### SOURCE INFORMATION
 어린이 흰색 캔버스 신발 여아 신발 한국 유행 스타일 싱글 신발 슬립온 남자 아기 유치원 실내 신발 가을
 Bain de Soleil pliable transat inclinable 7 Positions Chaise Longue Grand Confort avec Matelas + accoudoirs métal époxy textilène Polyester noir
######
### SOURCE INFORMATION
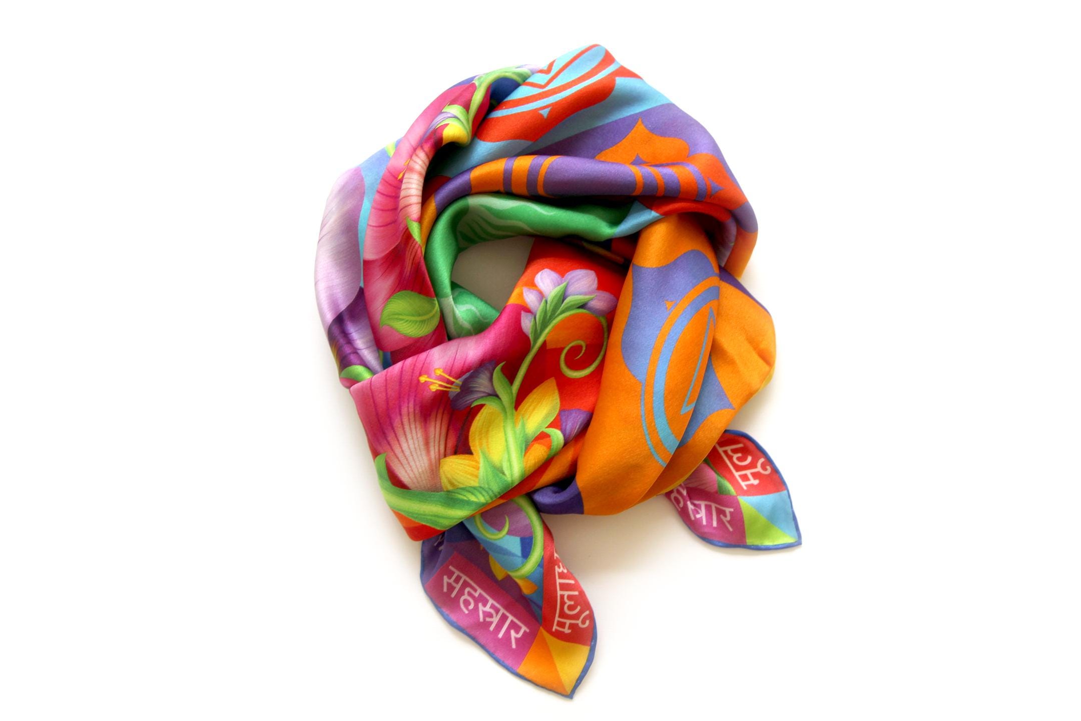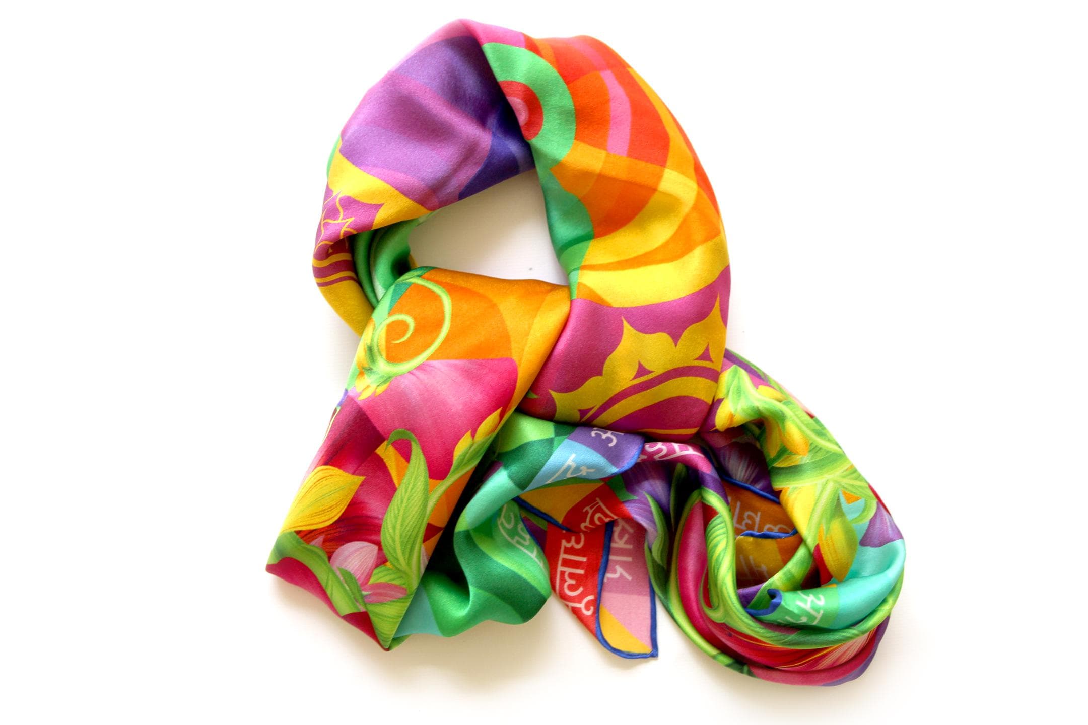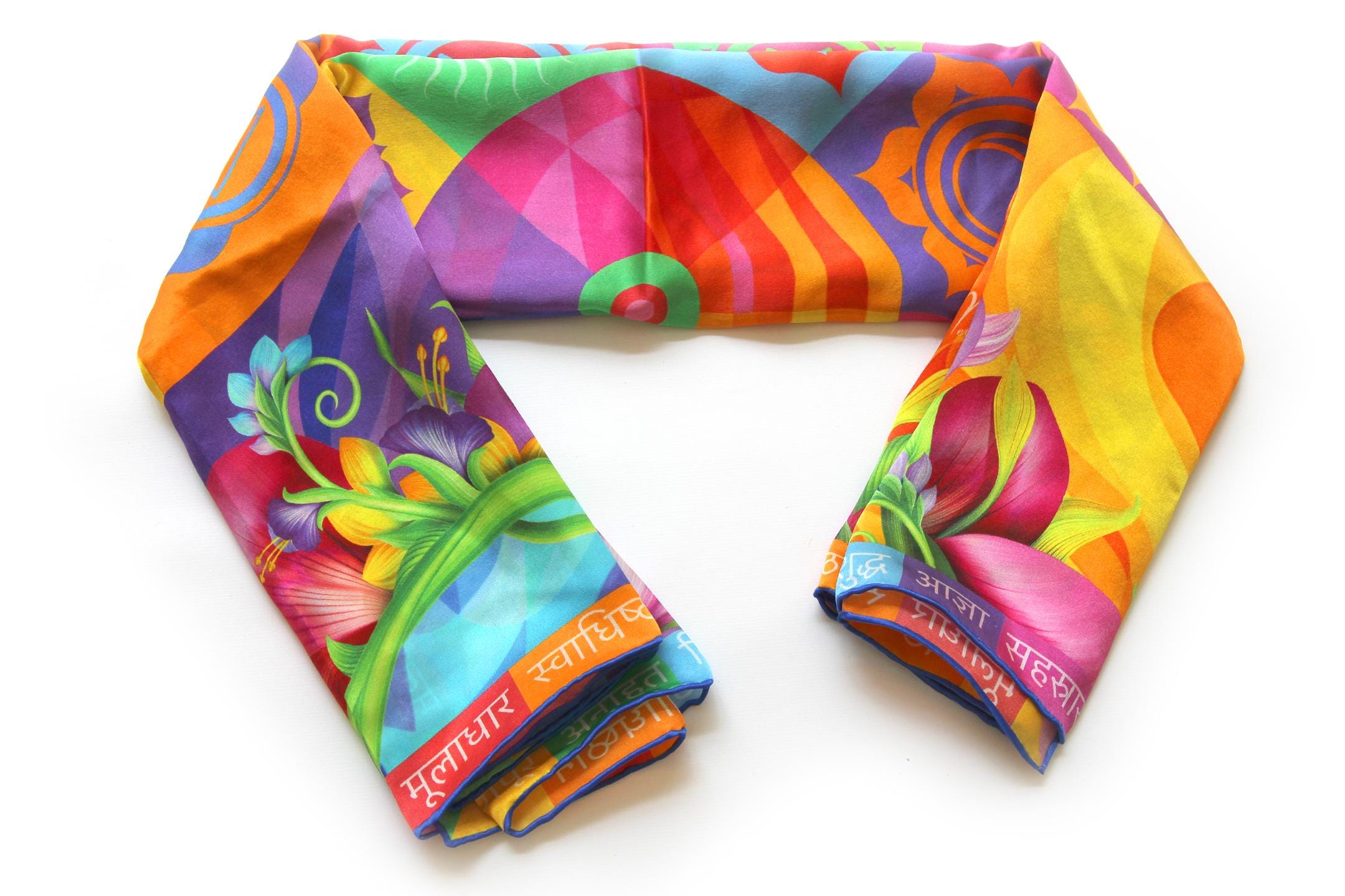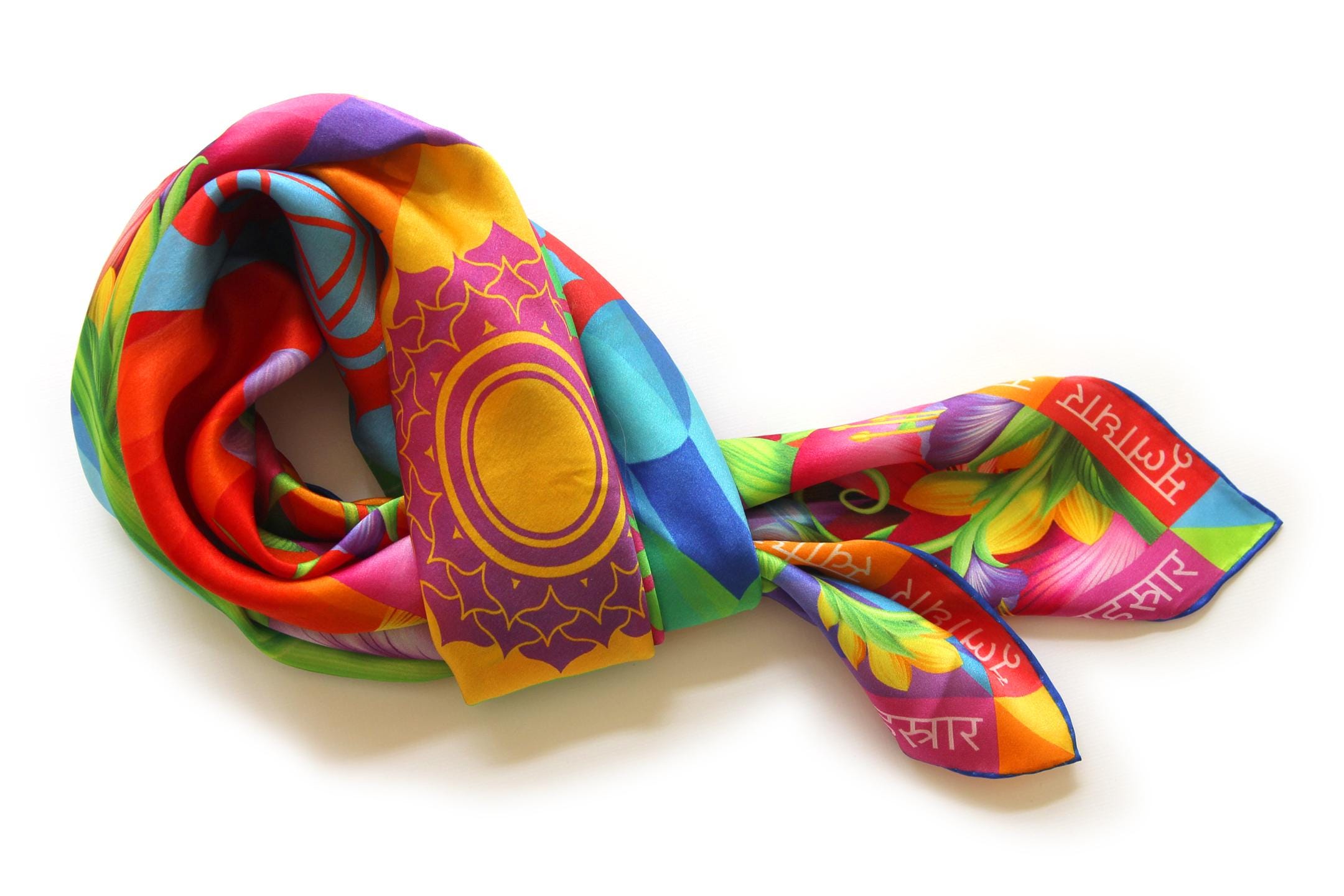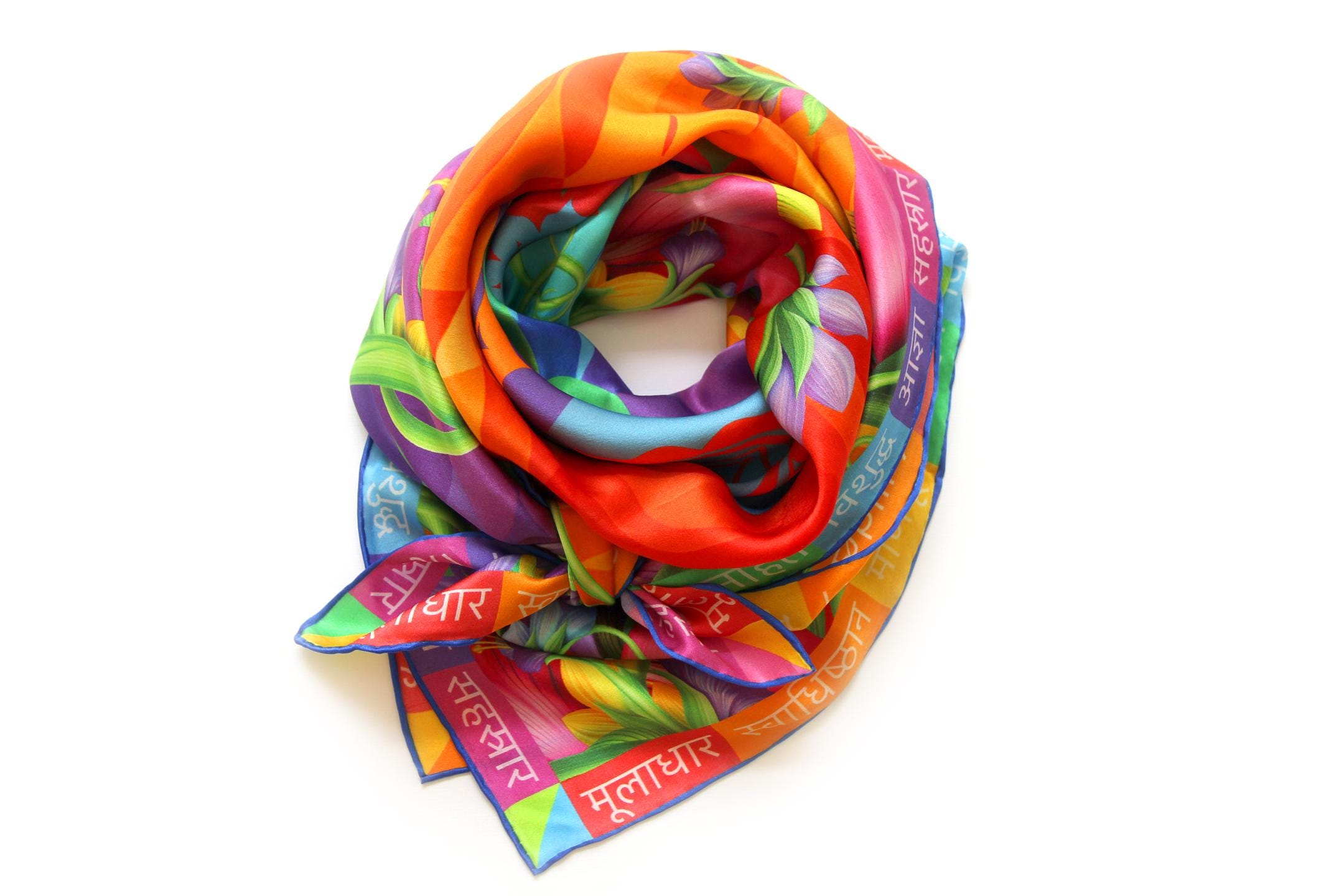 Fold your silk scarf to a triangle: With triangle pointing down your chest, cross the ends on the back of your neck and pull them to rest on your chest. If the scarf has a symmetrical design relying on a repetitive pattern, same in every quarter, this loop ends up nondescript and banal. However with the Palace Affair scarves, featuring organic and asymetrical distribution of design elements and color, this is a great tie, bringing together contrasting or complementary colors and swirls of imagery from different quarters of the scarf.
######
WHAT IS EXPECTED: From the records above, quote only the lines running from the line with "어린이 흰색 캔버스 신발" to the line with "Bain de Soleil", both lines included.

WRITTEN RESPONSE:
 어린이 흰색 캔버스 신발 여아 신발 한국 유행 스타일 싱글 신발 슬립온 남자 아기 유치원 실내 신발 가을
 Bain de Soleil pliable transat inclinable 7 Positions Chaise Longue Grand Confort avec Matelas + accoudoirs métal époxy textilène Polyester noir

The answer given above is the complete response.